**Given records**
******************************

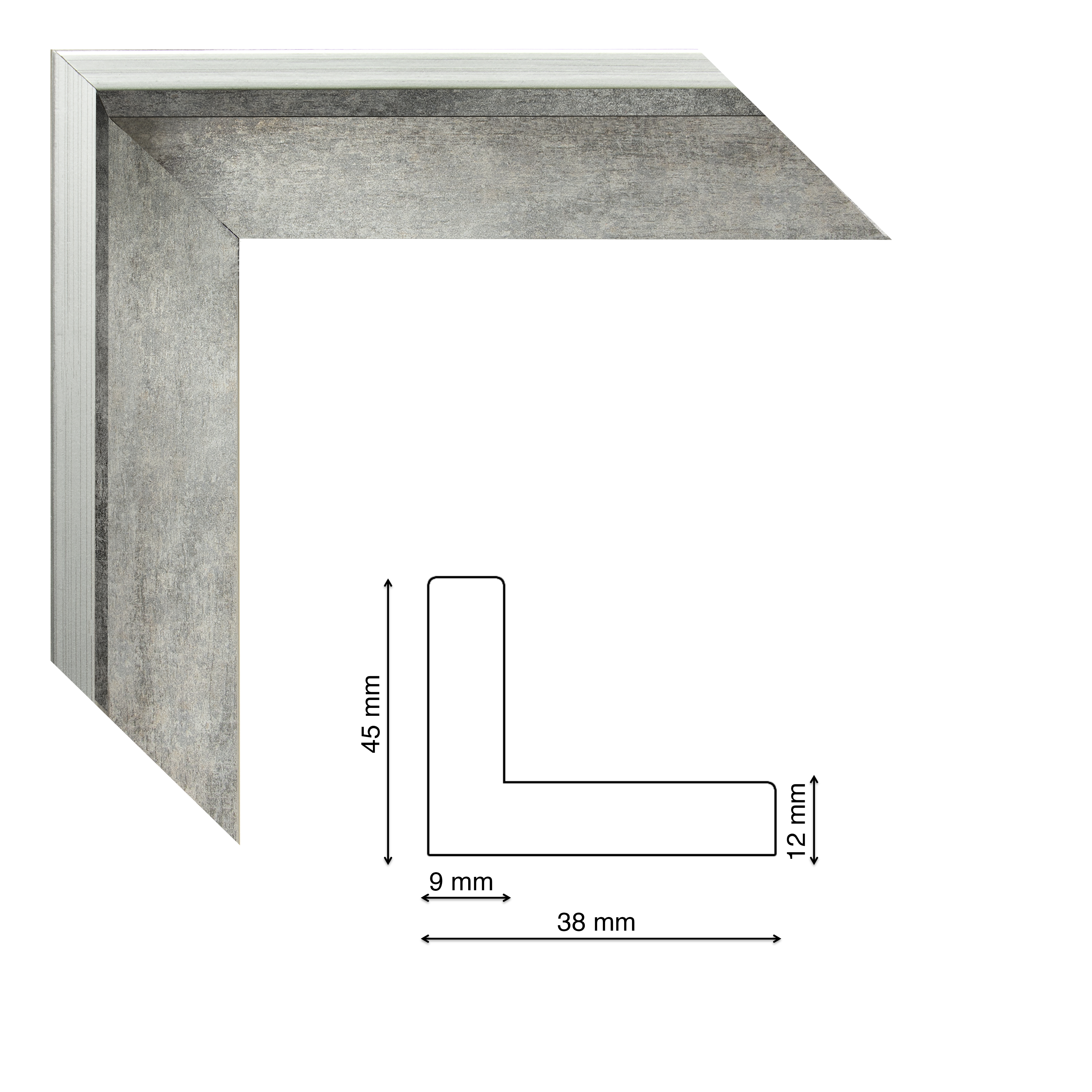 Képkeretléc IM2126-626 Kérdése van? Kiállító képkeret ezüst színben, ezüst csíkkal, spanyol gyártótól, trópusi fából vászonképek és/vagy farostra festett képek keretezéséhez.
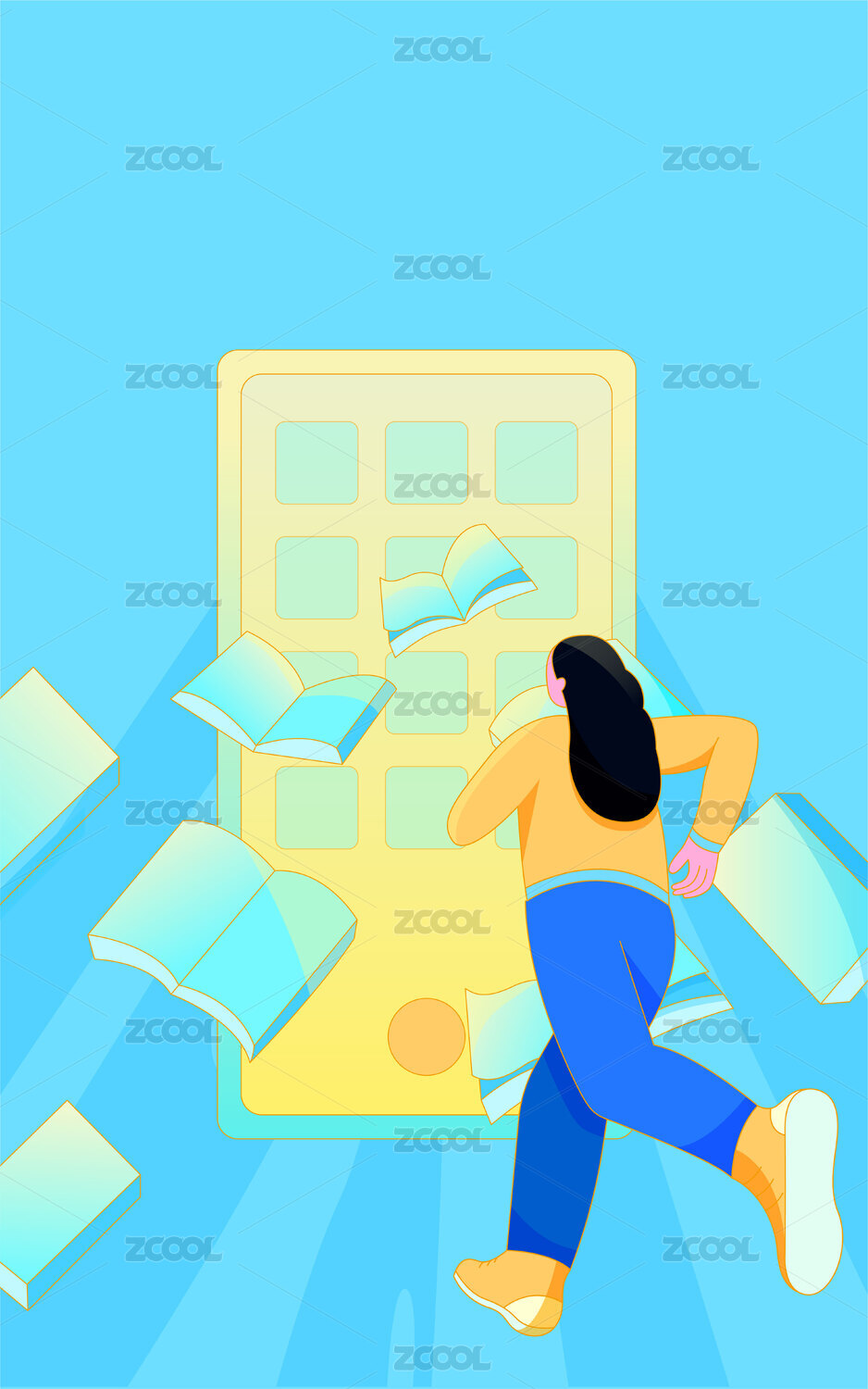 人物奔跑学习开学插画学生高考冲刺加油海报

******************************

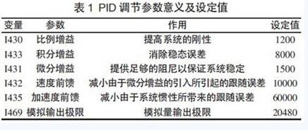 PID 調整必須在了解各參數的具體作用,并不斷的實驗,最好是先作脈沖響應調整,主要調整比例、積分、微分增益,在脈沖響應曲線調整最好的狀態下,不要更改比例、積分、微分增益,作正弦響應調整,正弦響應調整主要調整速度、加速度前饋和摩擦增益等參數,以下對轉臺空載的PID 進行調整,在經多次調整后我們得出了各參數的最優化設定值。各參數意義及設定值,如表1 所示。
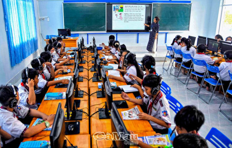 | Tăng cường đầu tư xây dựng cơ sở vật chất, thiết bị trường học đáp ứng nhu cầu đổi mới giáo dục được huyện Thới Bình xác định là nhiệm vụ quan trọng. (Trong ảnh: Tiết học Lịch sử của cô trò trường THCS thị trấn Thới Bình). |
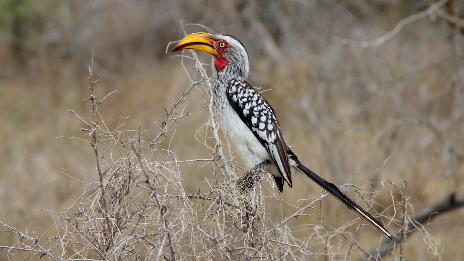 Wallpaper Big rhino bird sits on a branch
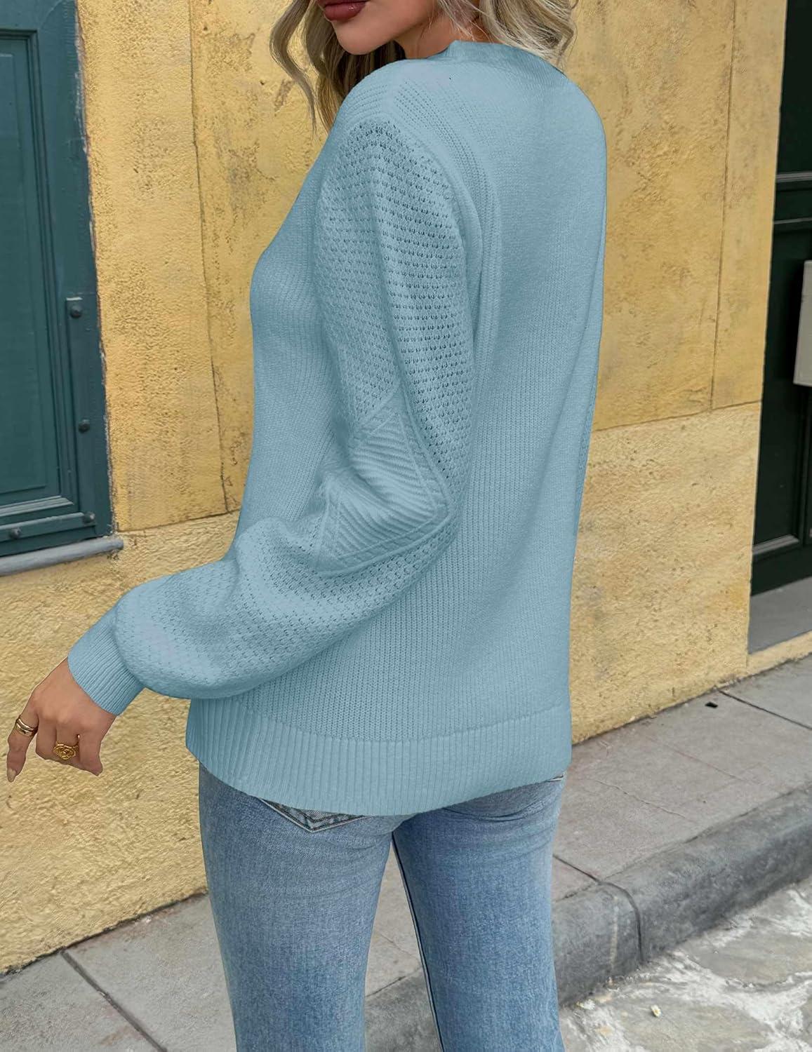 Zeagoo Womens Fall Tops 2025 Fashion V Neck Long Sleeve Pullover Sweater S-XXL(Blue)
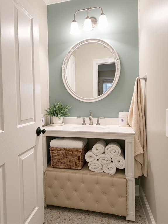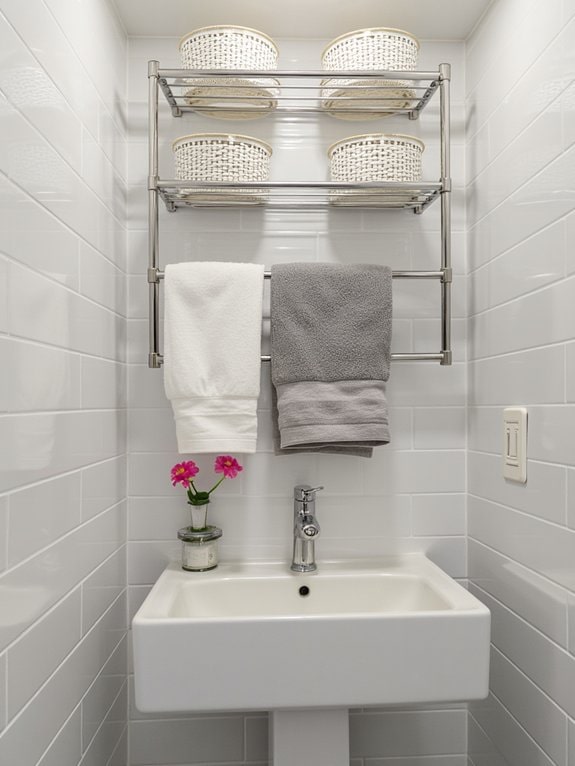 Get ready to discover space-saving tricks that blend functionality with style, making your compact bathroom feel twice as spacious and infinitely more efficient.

******************************

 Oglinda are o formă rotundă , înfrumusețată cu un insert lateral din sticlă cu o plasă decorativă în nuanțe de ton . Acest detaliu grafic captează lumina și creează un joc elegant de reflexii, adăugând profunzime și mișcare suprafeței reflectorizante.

******************************

**Your assignment**
Copy word for word only the lines above from the one with "Képkeretléc IM2126-626 Kérdése" through the one with "人物奔跑学习开学插画学生高考冲刺加油海报". Leave pictures out.

**Completed task**
 Képkeretléc IM2126-626 Kérdése van? Kiállító képkeret ezüst színben, ezüst csíkkal, spanyol gyártótól, trópusi fából vászonképek és/vagy farostra festett képek keretezéséhez.
 人物奔跑学习开学插画学生高考冲刺加油海报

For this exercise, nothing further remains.